A menos de dos horas de Córdoba capital, existe un rincón escondido donde podés deslizarte sobre dunas de arena a más de mil metros de altura. El sandboard en Cerro Blanco es la experiencia que probablemente nunca imaginaste que tenías tan cerca.
Si creías que la adrenalina en Córdoba se limitaba a un rafting en el Pún o un parapente sobre las Sierras, tenemos noticias para vos. Entre los pueblos de Tanti y Los Gigantes, protegida como reserva de biodiversidad, se esconde Cerro Blanco: un espacio donde confluyen tres cosas casi imposibles de imaginar juntas. Dunas de arena virgen. Bosque autóctono conservado. Y la posibilidad de practicar sandboard de verdad, sin simulaciones ni parques temáticos de mentira. Ubicada en el faldeo oriental de las Sierras Grandes a 1.300 metros sobre el nivel del mar, esta reserva es mucho más que otro destino de ecoturismo Instagram. Es un lugar donde la montaña se comporta como pista, donde cada bajada te sorprende y donde el viento en la cara se mezcla con el silencio de la naturaleza protegida.
Cuando la arena de montaña no tiene comparación
El sandboard en Cerro Blanco no es para los que todavía están aprendiendo con nervios. Las dunas acá tienen pendientes que van desde moderadas hasta desafiantes, lo que significa que tanto principiantes como experiados encuentran su ritmo. La arena es diferente a la del mar: más compactada naturalmente por el clima de montaña, lo que permite un deslizamiento incomparable. Los riders locales aseguran que es comparable a las mejores pistas de sandboard de América Latina, con la ventaja de estar a menos de dos horas de la capital provincial. La sensación de descender con el Bosque de las Sierras Chicas custodiando cada metro del recorrido, es esa que solo se vive una vez pero se recuerda para siempre.
Más allá de la tabla: una jornada completa en la reserva
Lo interesante es que Cerro Blanco no juega a ser un parque de diversiones.

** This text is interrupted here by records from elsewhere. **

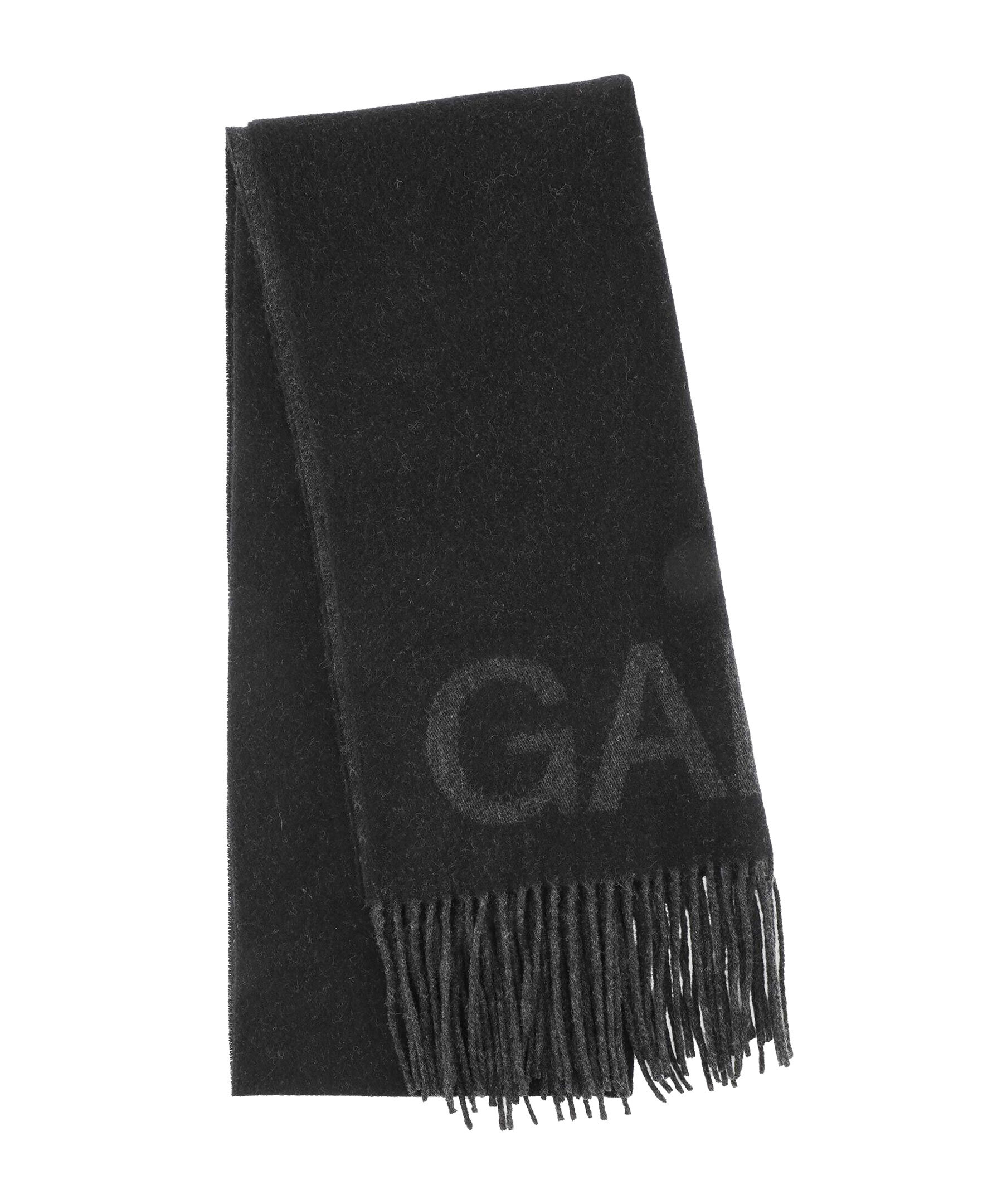 Svart, lång och överdimensionerade halsduk från Ganni. Tvåfärgad i svart och mörkgrått i återvunnen ull. Fransig kant och logotyp på båda sidor. Mått: 230 x 50 cm.
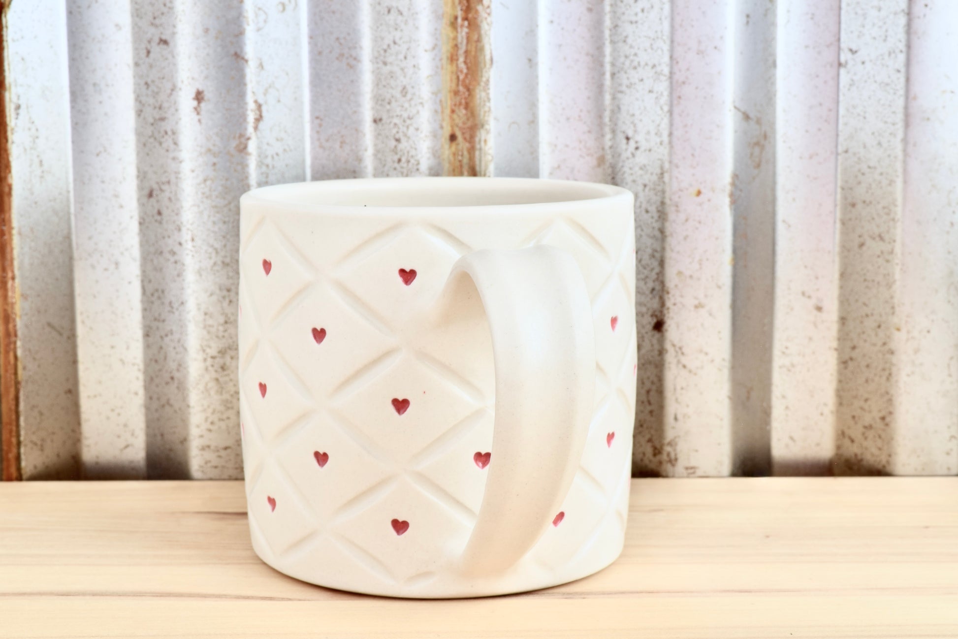 I hand throw this mug on the potter's wheel from a creamy porcelain mix clay. The texture is hand carved and the hearts are stamped one at a time. I paint the stamped hearts and the stencil hearts on the bottoms with red underglaze. The mug is finished with a soft clear satin matte glaze. This mug will hold approximately 14-16 oz.
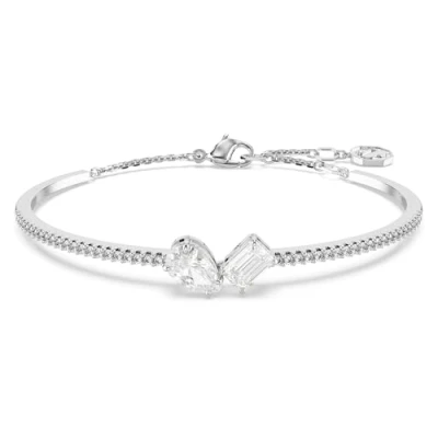 Swarovski Mesmera Moi et Toi Bangle Bracelet, Rectagular Cut and Pear Drop Crystals with White Pavé Stones in a Rhodium Plated Setting, from the Collection
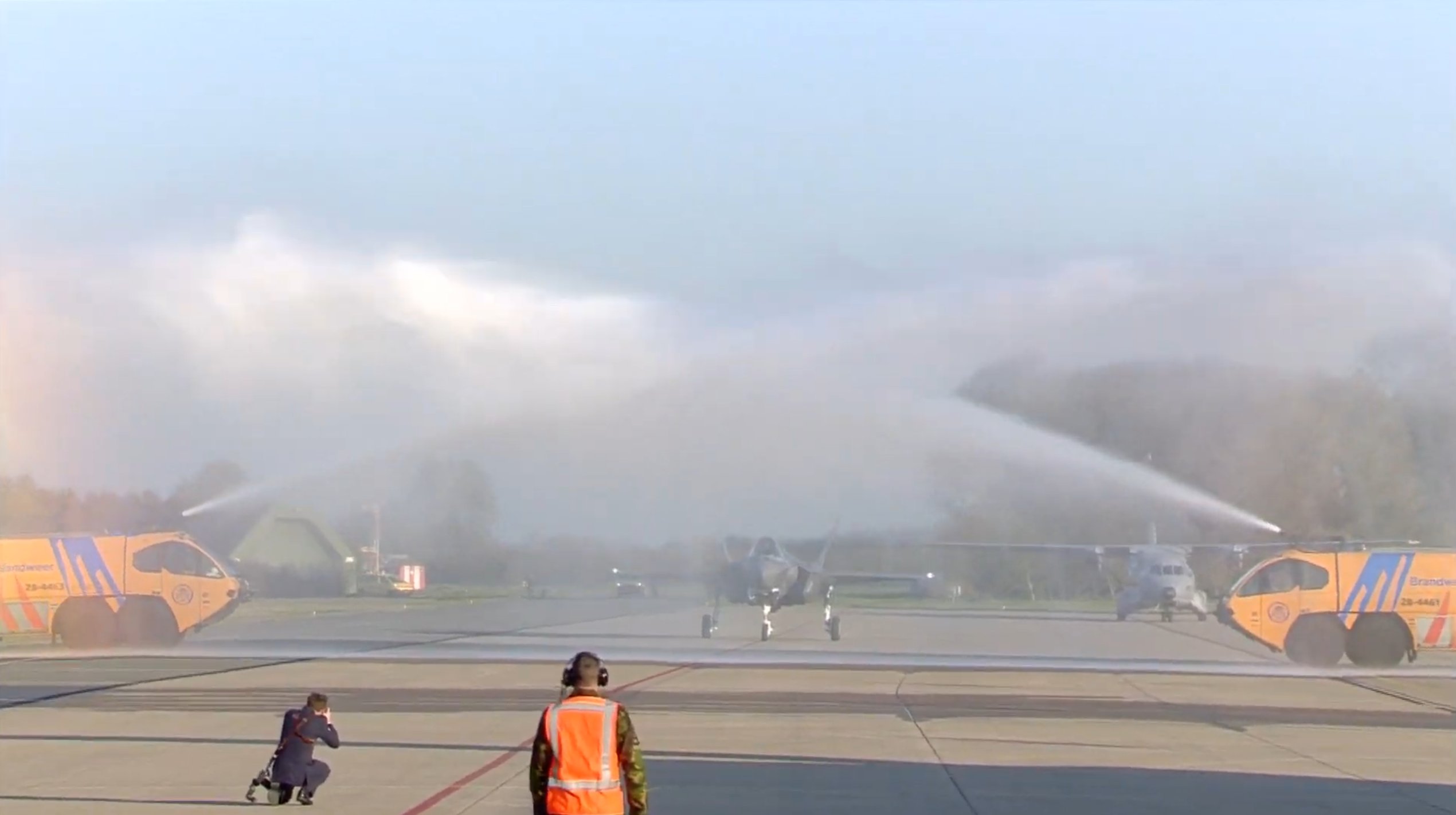 按照國際慣例,荷蘭空軍出動兩輛機場消防車,以“水門”的方式迎接抵達該基地的首架F-35A戰鬥機。當這架編號為F-009的F-35A戰鬥機緩緩駛過兩輛消防車中間時,兩車按照計劃噴水迎接。不過噴水過程中出現了意外,一輛消防車並沒有按照原計劃噴出自來水,而是噴灑了消防泡沫,這讓荷蘭空軍的首架F-35A戰鬥機瞬間“被糊一臉”。
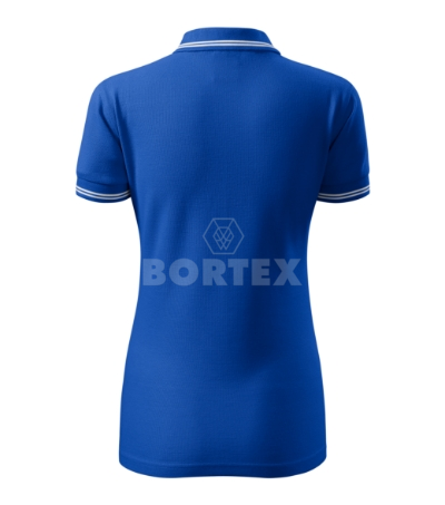 Dámska pique polokošeľa vyššej gramáže 200 g/m2. Golier a manžety rukávov z rebrového úpletu sú obzvláštnené dvojitým kontrastným prúžkom. Vnútorná časť zadného priekrčníka je začistená páskou vo farbe materiálu. Polokošeľa má spevnené ramenné švy, predĺženú úzku légu s piatimi gombíkmi a priliehavý strih.
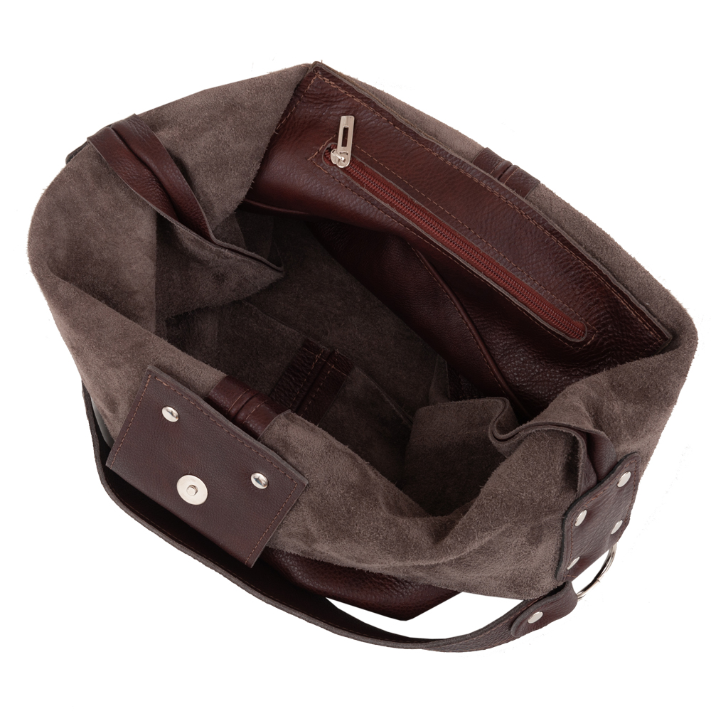 Modna pojemna torebka XL worek wykonana z najwyższej jakości miękkiej skóry naturalnej. Worek jest praktyczny, pojemny, bez problemu mieści format A4 oraz inne niezbędne rzeczy. Idealnie pasuje do stylizacji w miejskim stylu. Torebkę można nosić na kilka różnych sposobów, gdyż posiada dwa paski o różnej długości. Dłuższy jest odpinany. Torebka jednokomorowa, w środku duża kieszeń na zamek. Torba wykończona na surowo skórą naturalną. Dłuższy pasek skórzany z możliwością regulacji długości do max 112 cm
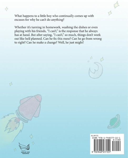 What happens to a little boy who comes up with continuous excuses as to why he can't do anything? Turn in homework. Wash the dishes. Play with his friends. "I can't," is his response that gets him out of chores and other responsibilities. At first he enjoys his new freedom, but things don't always go as planned. Is there anything he can do to fix it?
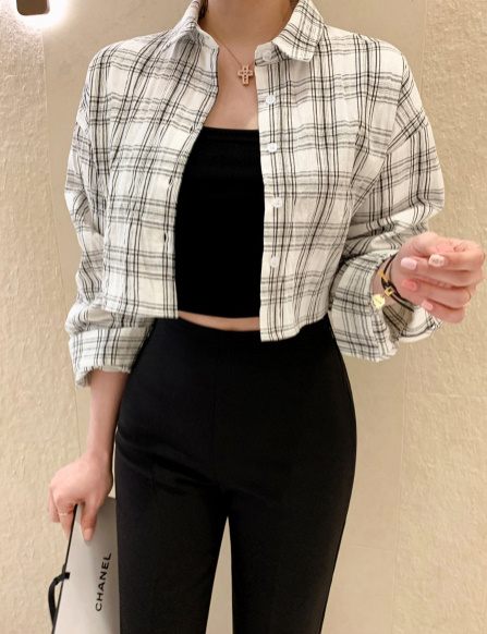 퍼퓸 뒷 트임 (절개 남방 셔츠 체크 크롭 캐주얼 포인트 신상) - 화이트, 블랙, 카키
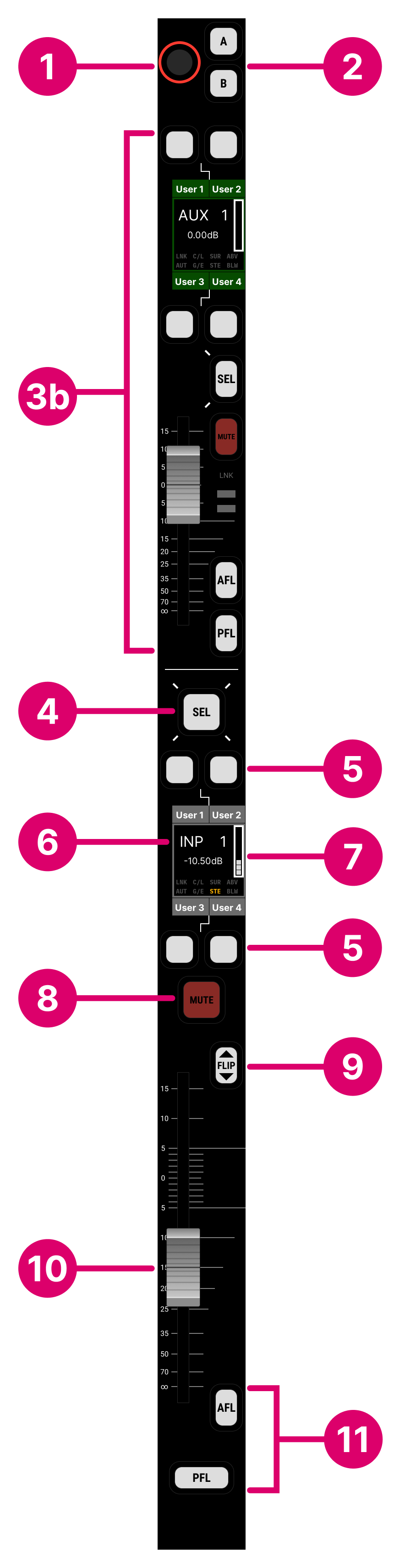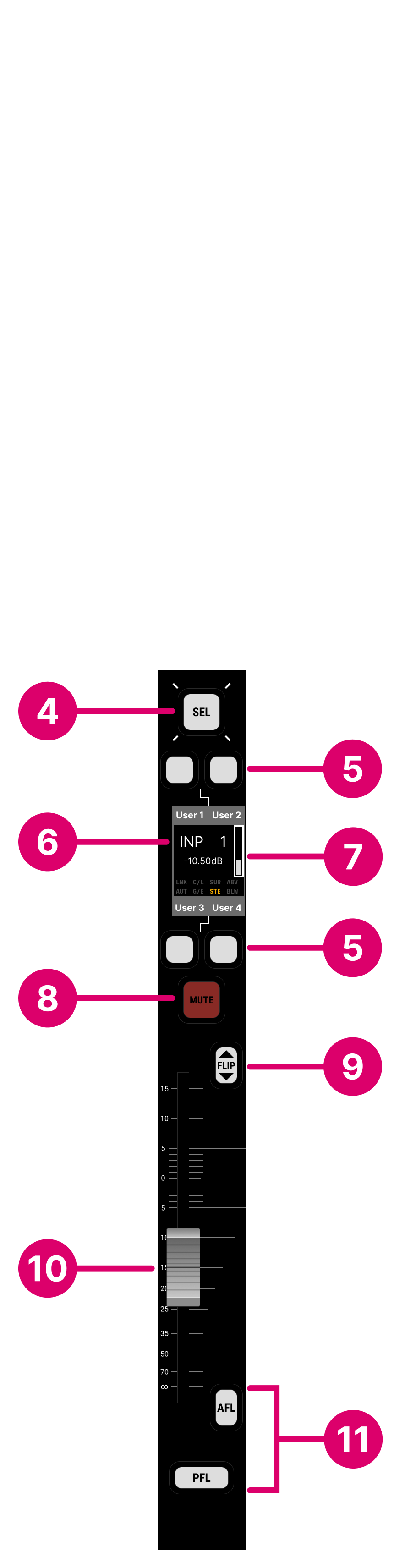 1. Input Gain 3a. Free Controls 3b. Second Fader 6. Label 7. Input Meter & Status Indicators 8. Channel Mute 9. Layer Flip 10. Fader 11. AFL & PFL |
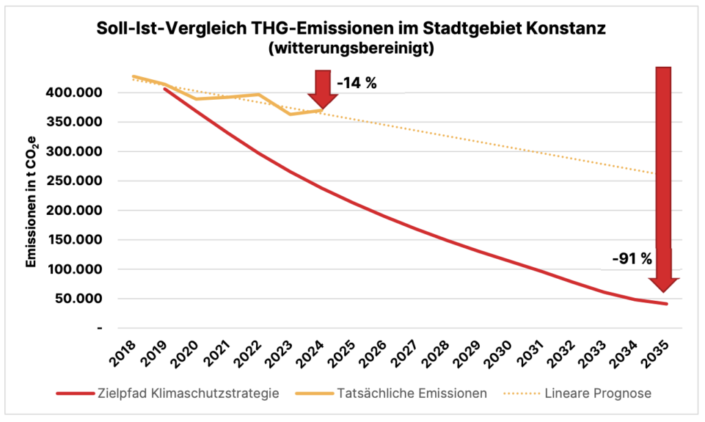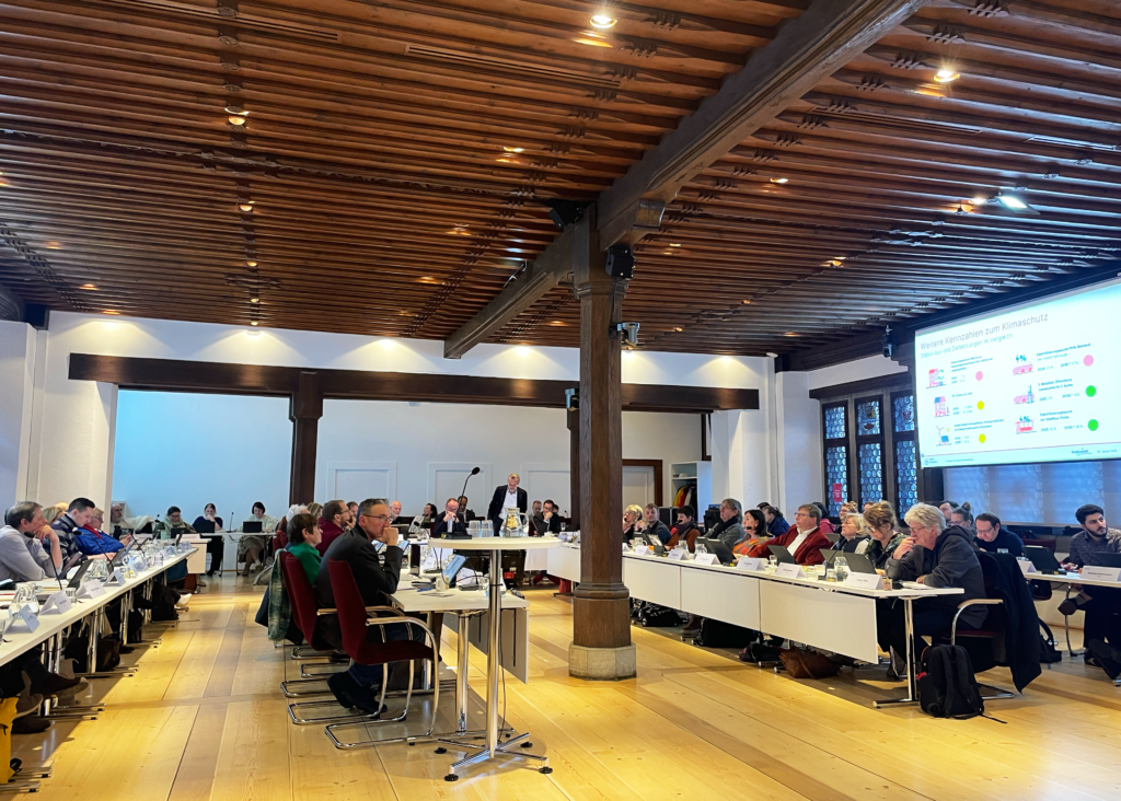 Baumgartner betonte auch die Chancen des Klimaschutzes für die Wirtschaftsentwicklung. Während die Bundesregierung für 2026 nur noch mit 1,0 Prozent realem Wirtschaftswachstum rechnet, verweist der Klimaschutzbericht auf mehr Bewegung im Bereich der Nachhaltigkeit. Die Green-Tech-Branche habe 2023 über 3,4 Millionen Menschen beschäftigt und zeige seit 2010 ein jährliches Wachstum von 4,7 Prozent. Baumgartners Fazit: „Lassen Sie uns das als Standortfaktor für Konstanz nutzen.”
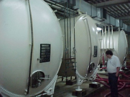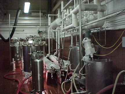 The third operation during the transfer is filtration. We remove yeast cells and precipitated proteinaceous materials by means of filtration through diatomaceous earth which acts as the filter aid. The filtered beer then passes from the filter to the secondary storage tank located in the secondary storage cellars. Here the temperature is maintained at 0°C (32°F).

La conservación del bosque nativo sigue siendo la prioridad absoluta. Mientras bajás con tu tabla, estás dentro de un ecosistema vivo, rodeado de flora y fauna de las Sierras. Los guías locales combinan la pasión por el deporte con el respeto genuino por el ambiente. Muchos viajeros aprovechan para hacer jornada completa: sandboard por la mañana, trekking al mediodía y descanso contemplativo al atardecer viendo las Grandes custodiando el horizonte.
Cómo ir y cuándo es el momento
Desde Buenos Aires, vuelos a Córdoba salen diarios desde Ezeiza (entre $3.500 y $6.500 pesos según temporada). Una vez en la provincia, alquilar auto es tu mejor opción para llegar a la reserva: aproximadamente 45 minutos en ruta. El mejor período es de abril a octubre: temperaturas templadas, menos lluvia y condiciones de arena óptimas. Los meses de verano suelen traer tormentas de montaña. Llevá protección solar brutal, agua abundante y equipo básico de sandboard (podés alquilar en la zona sin problema). Los guías de la reserva te esperan para hacer que esta experiencia sea inolvidable.
Cerro Blanco no es un destino para checklist de redes sociales. Es ese lugar donde la adrenalina, la naturaleza y la tranquilidad conviven en armonía. Si todavía no probaste sandboard en montaña, esta es tu oportunidad. Las dunas te esperan, el bosque te rodea, y las Sierras Grandes custodian cada movimiento. Solo necesitás decidir cuándo partís desde Buenos Aires.